Files
roboimi/experiment_suites/2026-04-04-imf-horizon-grid/notes.md

1.9 KiB

IMF Horizon Grid Suite Notes

  • Created: 2026-04-04 13:19:52

  • Phase-1 matrix: (8,8), (16,8), (16,16), (32,8), (32,16), (32,32)

  • Fixed baseline: IMF AttnRes, n_emb=384, n_layer=12, batch_size=80, lr=2.5e-4, max_steps=50k, rollout every 5 epochs with 5 episodes.

  • Host allocation:

    • local RTX 5090: ph32_ex32
    • 100.73.14.65 RTX 5880 GPU0: ph8_ex8
    • 100.73.14.65 RTX 5880 GPU1: ph16_ex8
    • 100.119.99.14 L20 GPU0: ph16_ex16
    • 100.119.99.14 L20 GPU1: ph32_ex8
    • 100.119.99.14 L20 GPU2: ph32_ex16
  • 100.119.99.14 still needs env + dataset + swanlab credential copy before launch.

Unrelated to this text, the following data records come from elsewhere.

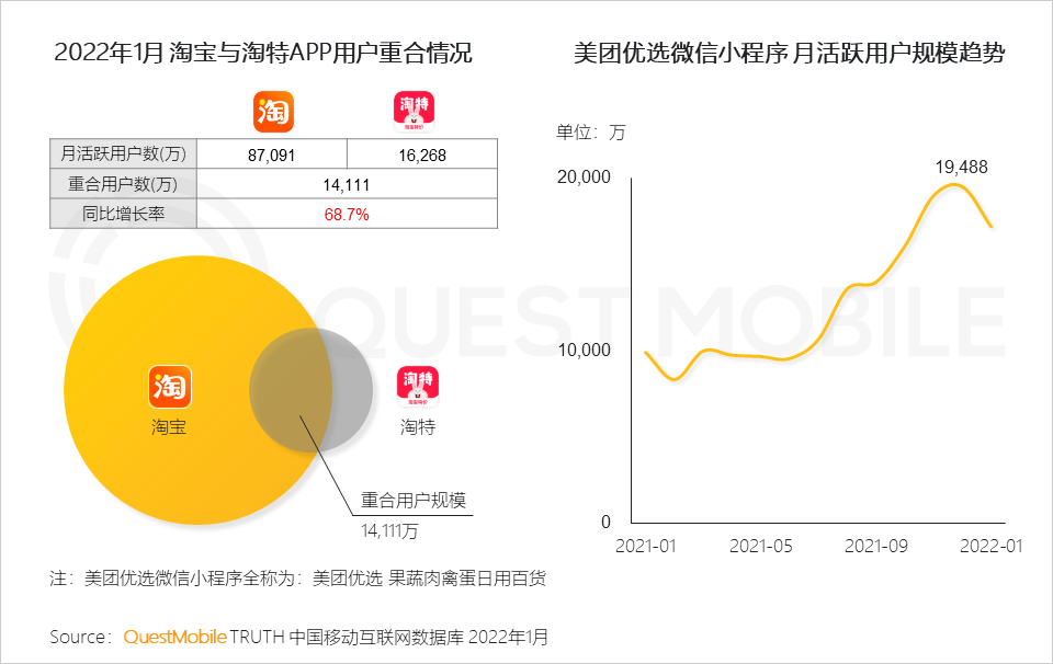 QuestMobile数据显示,阿里巴巴旗下淘宝与淘特APP重合用户规模已达1.4亿,同比提升68.7%;美团优选微信小程序近一年流量提升显著,峰值近1.95亿 。
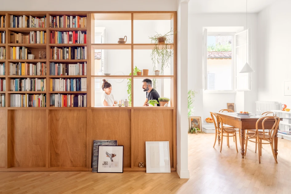 The filter operates on two fronts, with two different perspectives: on one side, it acts as a bookshelf, while on the other, it shapes and rhythmically frames the kitchen, enclosing it with white ceramic cladding. This creates a visual connection between the spaces.
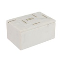 CAJA DECORATIVA DE MARMOL BLANCO CON DISEÑO DORADO 15CM

  • 2026-04-04 13:23:43: launched local ph32_ex32 (pid 1437836), remote 100.73 ph8_ex8 (pid 931824), ph16_ex8 (pid 931826); started 100.119 bootstrap (local pid 1437837).

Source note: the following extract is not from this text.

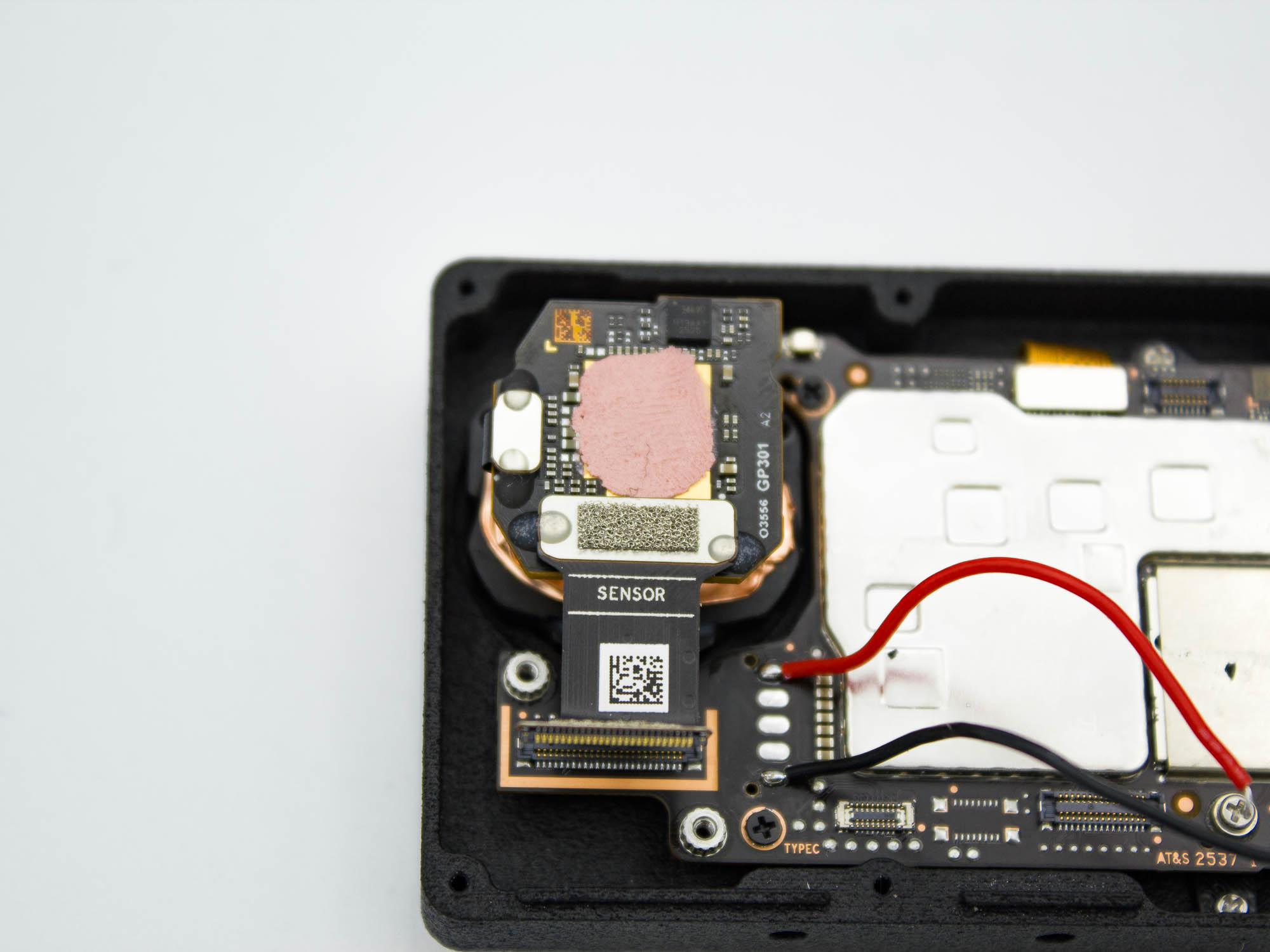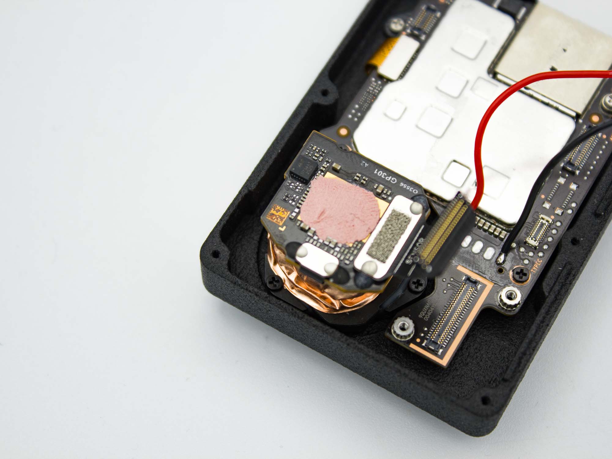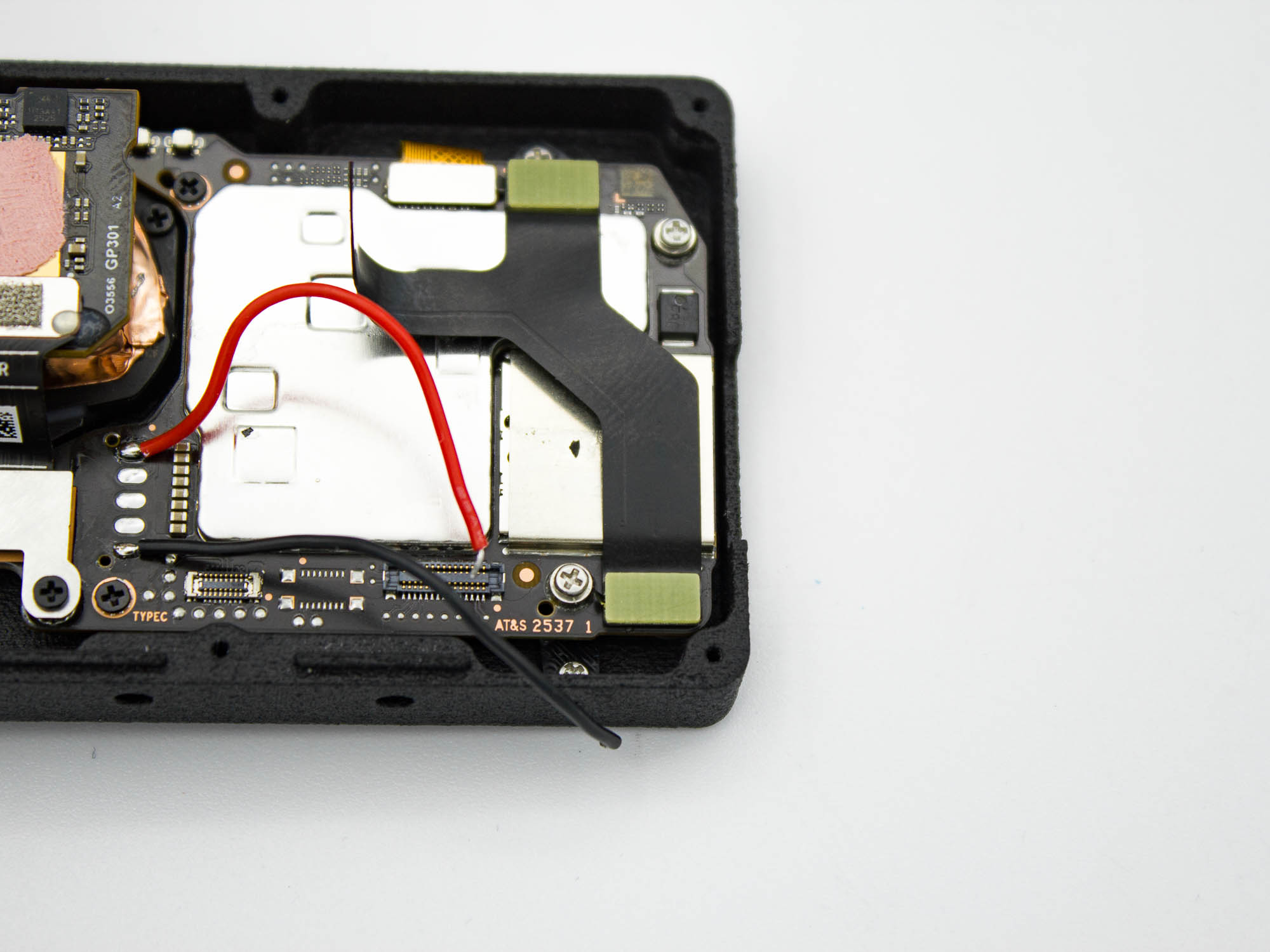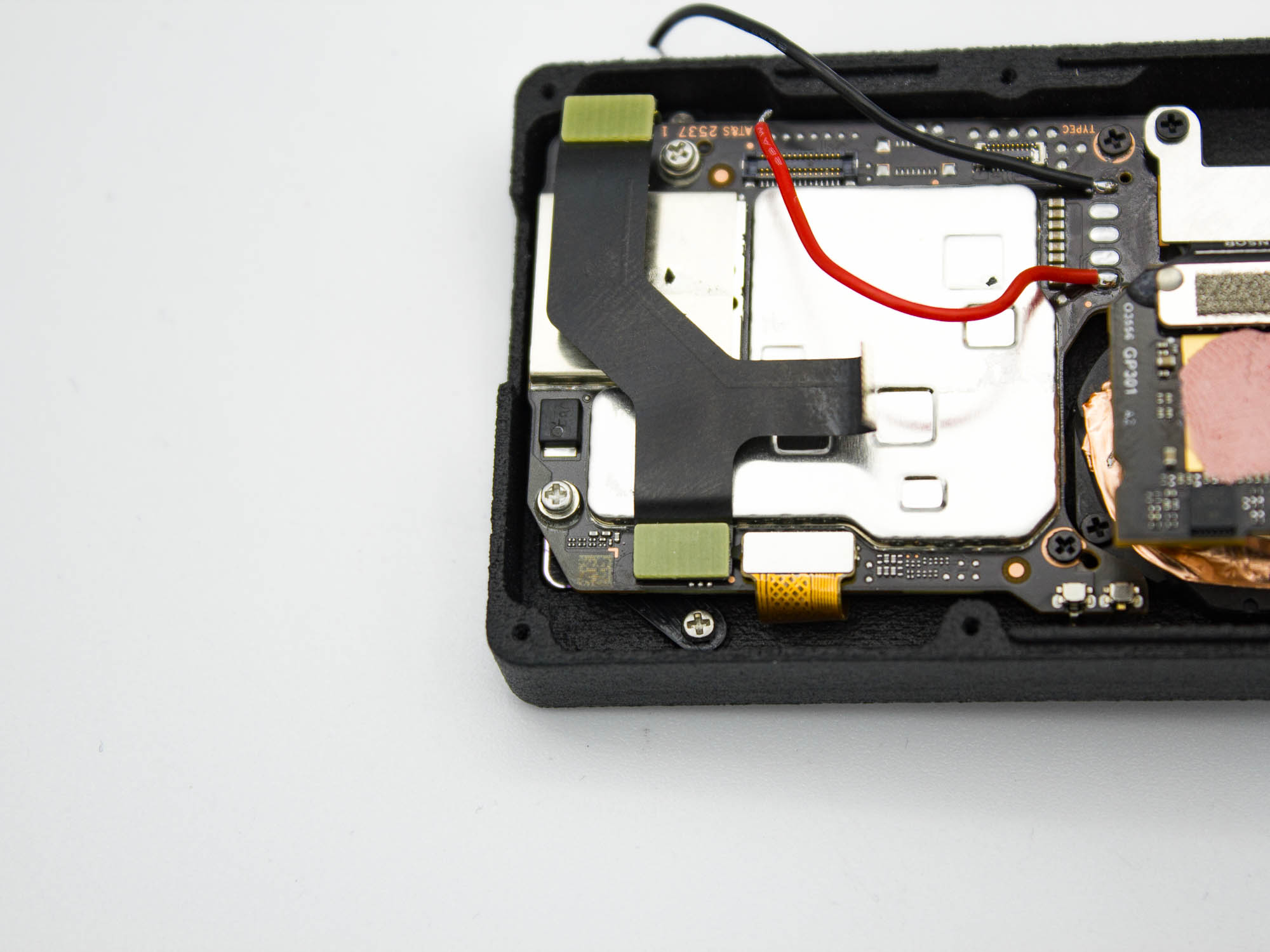 - Remove the two screws holding the USB C PCB in place using a PH0 screwdriver.

  • 2026-04-04 13:25:43: first status sync — local ph32_ex32 step≈500; remote ph8_ex8 step≈400; remote ph16_ex8 step≈400.

  • 2026-04-04 13:27:41: second status sync — 100.119 bootstrap finished env copy and entered dataset copy; local ph32_ex32 step≈900; remote ph8_ex8 step≈800; remote ph16_ex8 step≈800.

  • 2026-04-04 13:35:31: 100.119 bootstrap data/env copy finished. Original validation command hit a quoting bug, then I manually revalidated torch+mujoco+swanlab and launched ph16_ex16/ph32_ex8/ph32_ex16 with pids 81129/81130/81131.

  • 2026-04-04 13:37:36: all 6 Phase-1 runs are now up. SwanLab links recorded in status.json; latest observed steps ~ local 900 / 5880 runs 800 / L20 runs 100.

  • 2026-04-04 14:41:08: diagnosed remote first-rollout crash as early mujoco import before MUJOCO_GL=egl in eval_vla.py via raw_action_trajectory_viewer. Added regression test tests/test_eval_vla_headless_import.py, fixed import to lazy-load, verified 20-step headless eval on 5880 and L20, then resumed 5 failed runs from step 4374. Current resumed pids: ph8_ex8=938714, ph16_ex8=938717, ph16_ex16=90169, ph32_ex8=90173, ph32_ex16=90175.